The legislation, House Bill 280, would change the license fee for dealers who sell 3,000 or more vehicles to $1,500, and $750 for each additional dealership to which the application pertains. At the low end, dealers who sell 499 vehicles or fewer would pay just $250 a year, plus $125 for any additional businesses. 

Other thresholds and fees, under HB280: 2,000-2,999 units: $1,250/$625; 1,500-1,999 units $1,000/$500; 1,000-1,499 units: $750/$375; 500-999 units: $500/$250.

 

A companion bill, HB4898, would amend the dealer’s annual license application to require applicants to declare to the secretary of state the number of units the dealership sold the previous year. 

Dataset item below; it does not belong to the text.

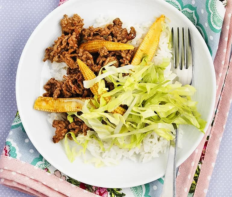 Köttfärsgryta för barn med svarta bönor och majs

A third bill would place used-car dealer licenses on a sliding scale, at a slightly higher rate than that for new-car dealers. A used-car dealer would face a $1,500 fee if he sold 2,500 or more units the previous year.

 

Other legislation being considered in Springfield:

 

House Bill 4159 would amend the Illinois Vehicle Code to forbid selling a vehicle to someone who does not hold a valid driver’s license issued by a state, territory or other possession of the United States. Under current law, someone without a license, or whose license has been suspended, can buy all the cars he wants, but he cannot drive any of them off the lot. The measure has rested in the House Rules Committee since October.

 

Any person who causes property damage while driving without liability insurance would be committing a Class 4 felony, under HB4673. In addition, such a person would be guilty of a Class 3 felony if another person is injured, and a Class 2 felony if another person dies from the accident.

 

Senate Bill 2618 provides that the vehicle of a person who is involved in an accident while driving without liability insurance is subject to seizure and forfeiture, regardless of whether or not the person was at fault. The vehicle could be forfeited to the owner’s spouse or to a properly licensed family member.

 

To spur the sale of fuel-efficient cars, House Bill 4163 would extend a $500 income tax credit for each taxpayer who buys, at retail, a hybrid or a flexible-fuel vehicle from Dec. 31, 2007 through Dec. 30, 2008. Vehicles that are modified after manufacture to be a hybrid or alternate-fuel vehicle would not qualify for the credit, and the credit could not be carried forward or back. The bill has rested in the chamber’s Rule Committee since October.